Continuing with our colloquium series, professor Harvey Lederman from UT Austin, will be here on Friday, April 28 to give his talk at 3pm in DeBartolo Hall, room 126.

Harvey Lederman April 28 Website

Talk Title: Wang Yangming on Principles and Things

Abstract: According to the textbook story, Song-Ming (960-1644) "Confucian" thought divides into two schools: a conservative, orthodox "school of Principle", and a more radical, heterodox "school of Mind". On this standard story, the great Ming Dynasty thinker Wang Yangming (1472-1529) was the most sophisticated proponent of the School of Mind; he counts as a member of the school because of his signature claim that ​"Mind just is Principle" (心即理).
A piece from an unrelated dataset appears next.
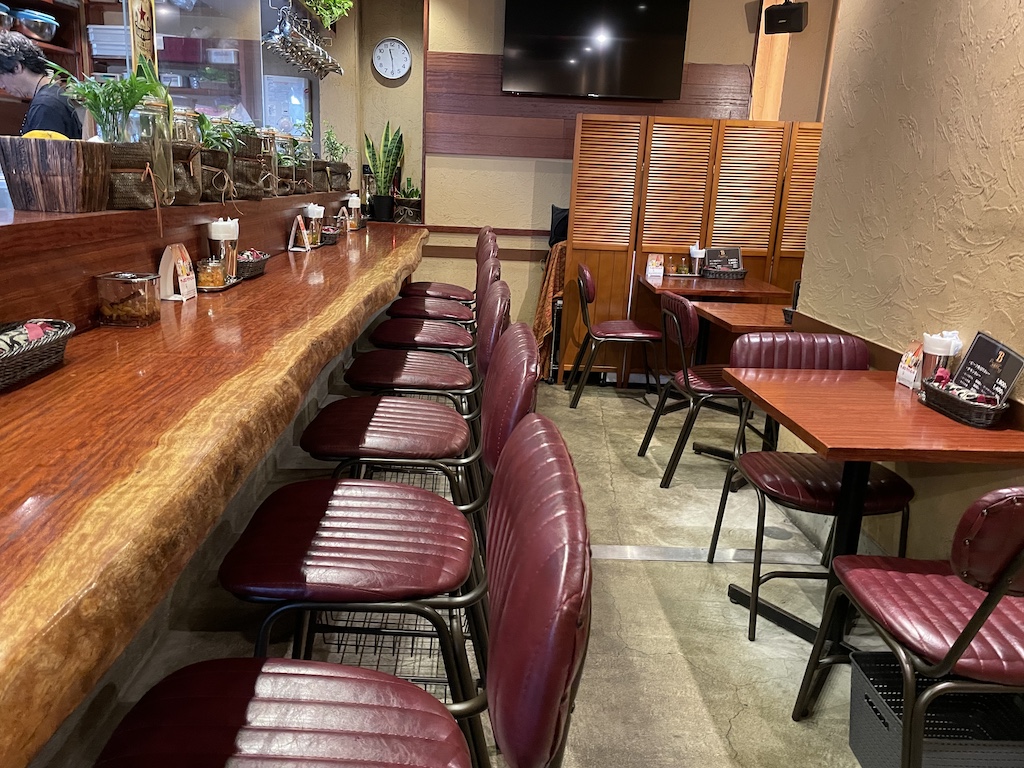 東新宿駅と若松河田駅の間くらい、抜弁天のバス停近くにお店はあります。看板や「B」の文字からもベンガルを感じさせます。店内に入ってみると僕が通いはじめた時代の旧店舗を思い起こさせるような落ち着いた雰囲気。厨房には見知った顔もあって懐かしさを覚えました。

This talk takes up the venerable, difficult question of what, exactly, Wang meant by this claim. Some have suggested that, for Wang, it represents only a shift in emphasis from the doctrines of his predecessors. Others have argued that the claim embodies Wang's total rejection of their world-view, suggesting that here, as well as in in his oft-repeated claim that "what the mind is directed at, is a thing" (意之所在便是物), Wang denied the existence of the mind-independent world and endorsed a form of idealism. I aim to chart a middle path. The first half of the talk considers the evidence related to ​"principle". I suggest that Wang did indeed make striking new claims about the metaphysics of principle and mind, and in particular about the role of the mind in meta-ethical explanation. The second half of the talk turns to Wang's provocative remarks about "things". I suggest that these comments provide evidence that Wang held that the primary objects of ethical assessment are mental, but that he did not take a stand on the mind-dependence of ordinary material objects.